It will be appreciated that in some embodiments of the invention an entity identifier may have more than one reference time stamp, or different entity identifiers may be associated with different time stamps. A given entity may be represented at different time stamps in a single time stamped population.

The fourth step (S4) is the generation of the Analytical Data Set. This step is fully automated when provided with a given Analytical Record and a corresponding time stamped population for the same entity. In this embodiment of the invention, this step is implemented through generation of SQL statements by the dataset generation processor 25. Execution of these SQL statements by the database query engine 15 results in retrieval of data from the database 10 for populating the cells of the analytical dataset and creation of the analytical data set containing at least one attribute value dependent on the RTS of the time stamped population.

As illustrated in FIG. 5, the resulting analytical data set 35 can be seen as a cross product of the time stamped population 31 comprising an entity id column 311 and a time reference column 312, and the analytical record 32 comprising attribute columns grouped into three Domains: Domain 1, Domain 2 and Domain 3.

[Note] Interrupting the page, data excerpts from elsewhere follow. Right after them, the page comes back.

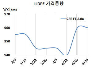 LLDPE(Linear Low-Density Polyethylene)는 인디아만 상승했다. LLDPE 시세는 4월24일 CFR FE Asia가 톤당 960달러, CFR SE Asia는 1015달러로 변동이 없었다. CFR S Asia는 965달러로 10달러 상승했다. 유럽은 4월26일 톤당 FD NWE 1150유로로 보합세에 그쳤다. 표, 그래프: <LLDPE 가격동향> <화학저널 2024/04/29> |
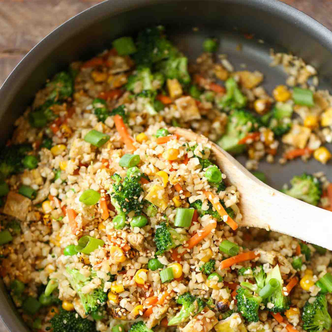 Cho cơm súp lơ và các nguyên liệu khác vào, nấu trên lửa vừa trong 15 phút nữa, chia vào từng bát và dùng cho bữa sáng
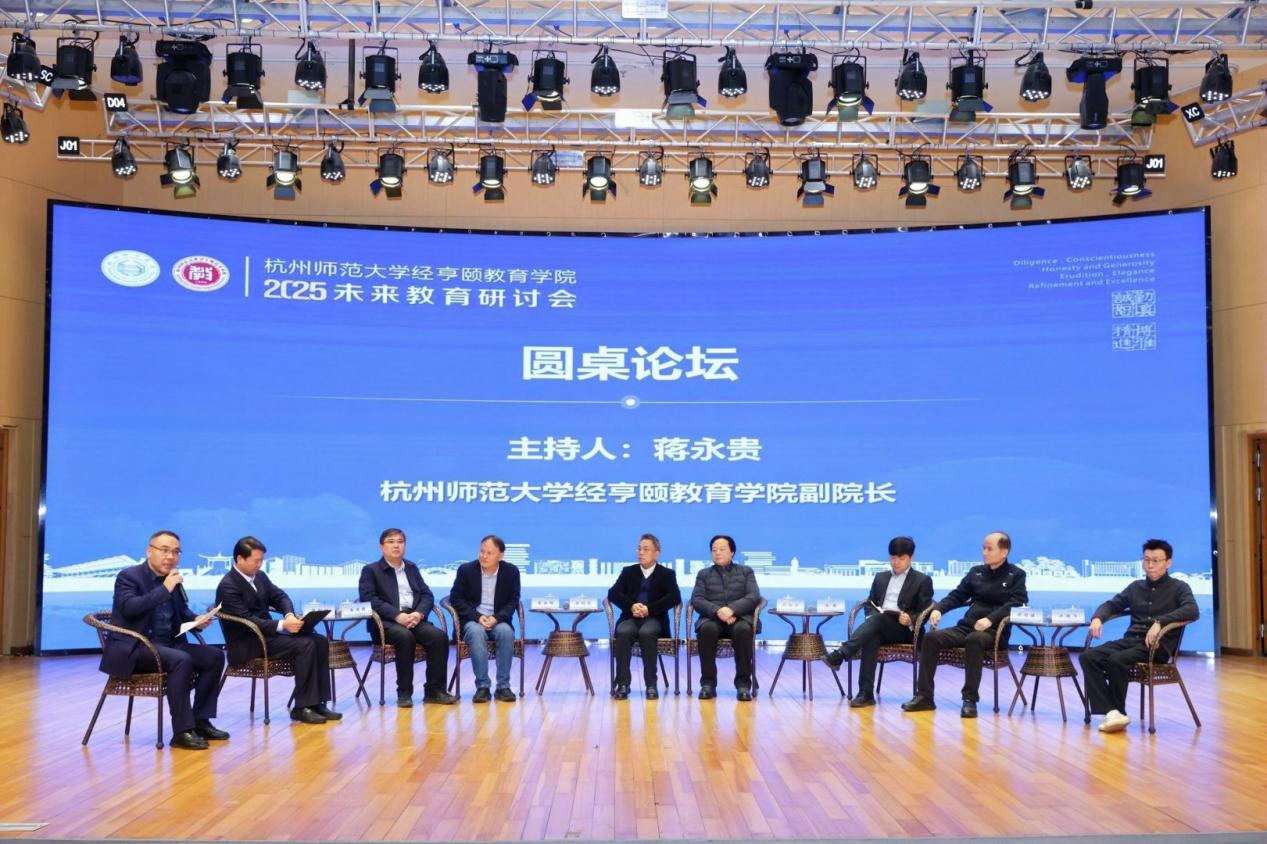 随后的圆桌论坛环节由蒋永贵教授主持,陈时见教授、孙绵涛教授、彭正梅教授、宋萑教授、李洪修教授、许可峰教授以及天元公学总校长马智慧与云谷学校首席数智官卢晓飞围绕以下四个核心议题展开深度对话:
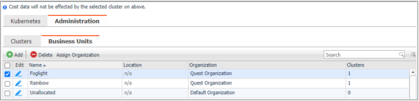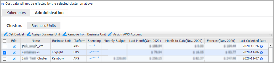 Kubernetes clusters are collected by Kubernetes agents. By default, clusters will not be assigned to any BU and do not have a default monthly budget.
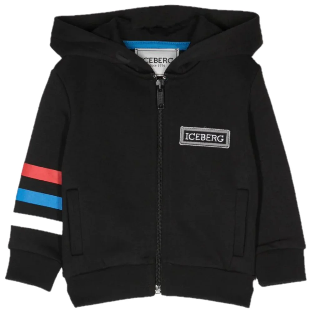 Felpa ICEBERG con interno felpato modello con cappuccio stampa sul retro Silvestro e logo a rilievo chiusura con zip con cursore logato e tasche laterali.
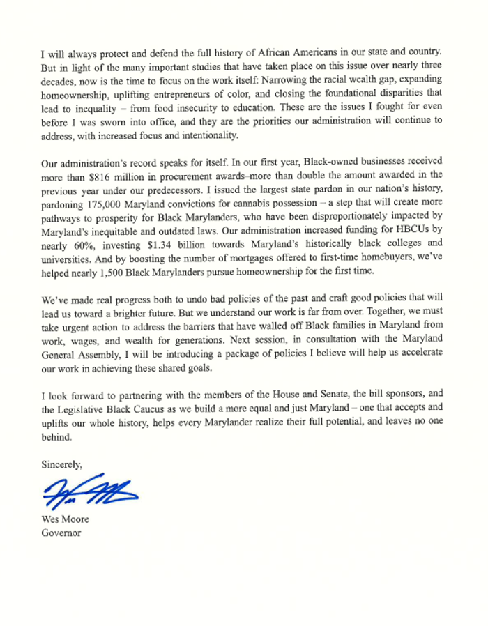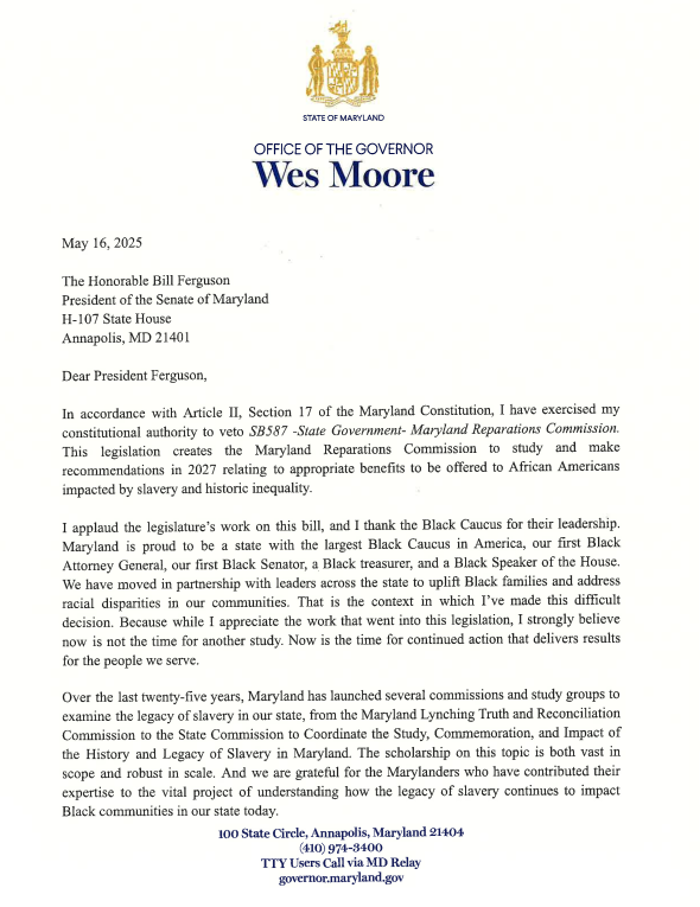 MARYLAND GOVERNOR WES MOORE VETOES REPARATIONS STUDY BILL

The SQL statements executed by the database query engine 15 may be provided as very complex ‘select’ statements returning a volatile result set, only available at the time of the query, or the resulting select statement may be executed in order to create a dataset according to the choice of the user. In the resulting analytical table as shown in FIG. 4B, the case of the customer 145 shows that, in the first resulting analytical data set (FIG. 4B(i)), his age, a time dependent attribute, as seen on February 2007, is 26, and in the second resulting analytical data set (FIG. 4B(ii)), his age, as seen on March 2007, is 27, because his birthday is in February and the attribute value evolves with time.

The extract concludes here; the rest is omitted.